How to be an ethical traveller

Spending months on the road with just a backpack and no fixed itinerary has become a rite of passage for Australia’s youth. Seeking both adventure and affordability, it’s not too surprising that developing countries, particular those in our region, are a popular destination.

For many young travellers, this may be the first time that they come face-to-face with child poverty. More often than not, they will also want to do something to help – whether that’s making a donation to a local orphanage, volunteering, or sharing their loose change with street kids.

But good intentions can inadvertently have a negative impact, says James Sutherland from the ChildSafe Movement. “Going on a tour of an urban slum area, watching a show put on by orphans, or giving money to child beggars … these are behaviours which can keep children in poverty or even in abusive situations.”

James adds: “During a visit to a developing country, it is not unusual to see children at risk – perhaps begging in traffic, selling postcards or fruit at tourist sites, or shining shoes in train stations. So we’ve put together some useful tips to ensure that travellers can play a part in keeping children safe from harm.”

Around 10 million Australians travelled overseas in 2016, with those aged 25-29 travelling the most of any age group.

Tip 1: THINK! Children are not tourist attractions – let’s not treat them like they are

Children living or studying in schools, orphanages or slums shouldn’t be exposed to tourist visits. These places are not zoos. Imagine a bus full of foreigners visiting schools in your home country. Would you find this acceptable?

Travel ChildSafe: put child protection first and do not visit these places.
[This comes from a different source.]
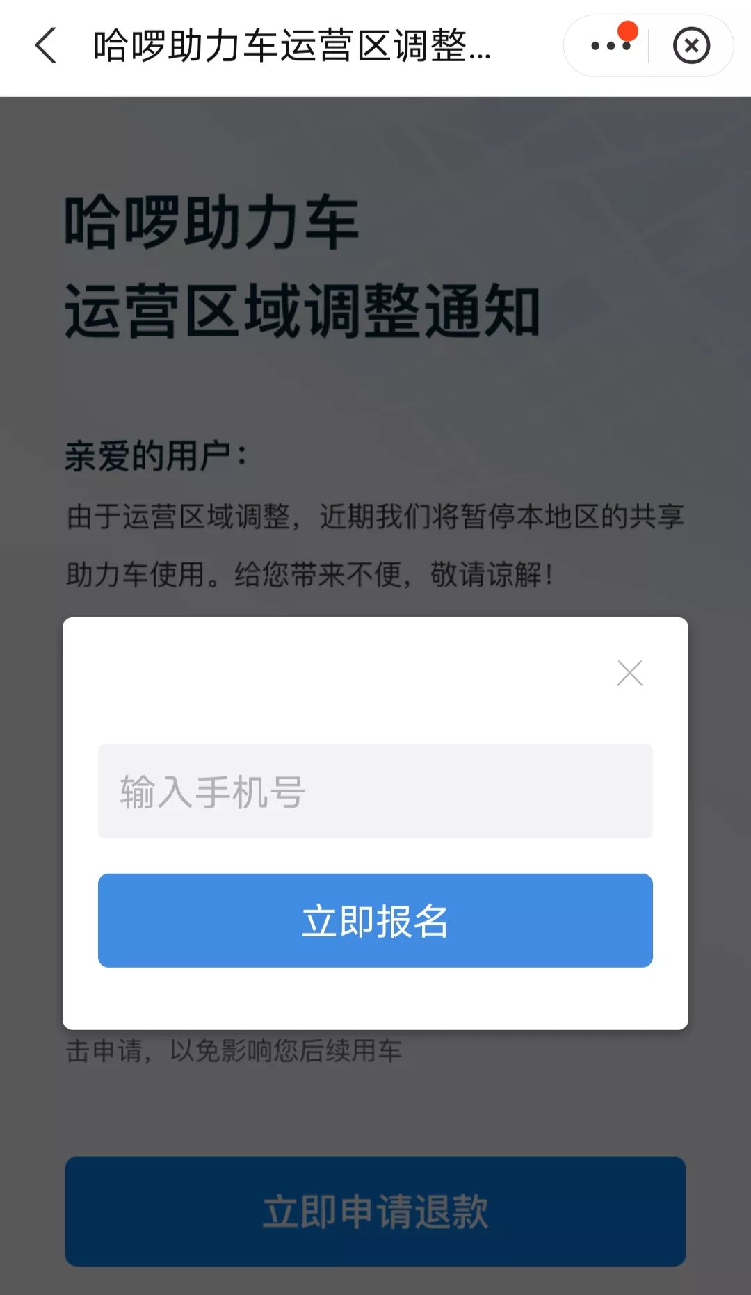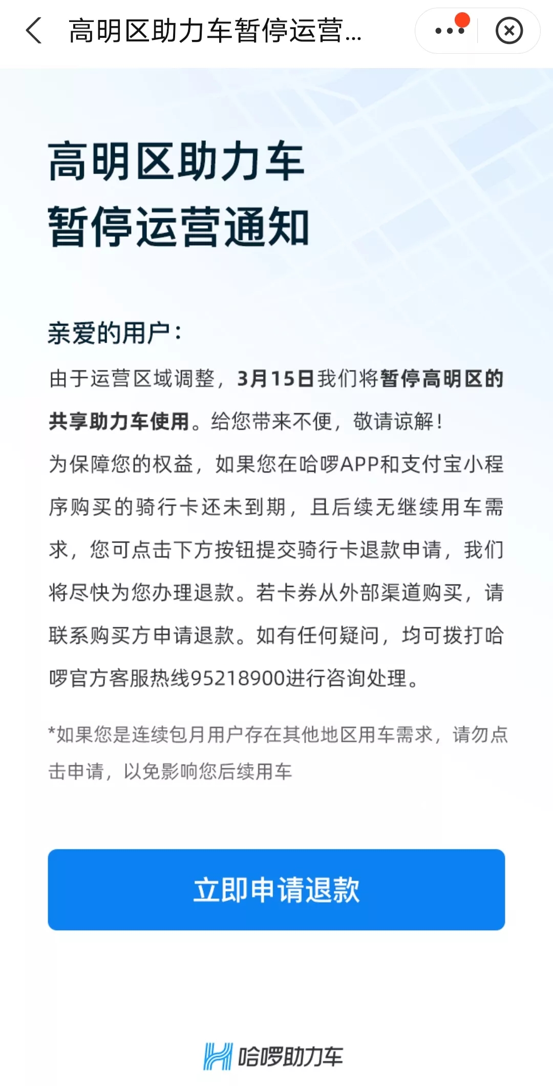 概述:通知上主要说:由于运营区域调整,3月15日将暂停高明区的共享助力车使用。除此之外,信息还提供了哈啰助力车骑行卡的退款渠道。......

Tip 2: THINK! Volunteering with children feels good but could be harmful – look for better ways to help them

Working with children in institutions such as orphanages is a job for local experts, not for travellers who are just passing through. Children deserve more than good intentions: they deserve experienced and skilled caretakers and teachers who know the local culture and language.

Travel ChildSafe: make sure your volunteering is a great experience and has the best impact possible. Do not work directly with children; instead, share your professional skills with local staff. You can also explore other ways to put your talents to use.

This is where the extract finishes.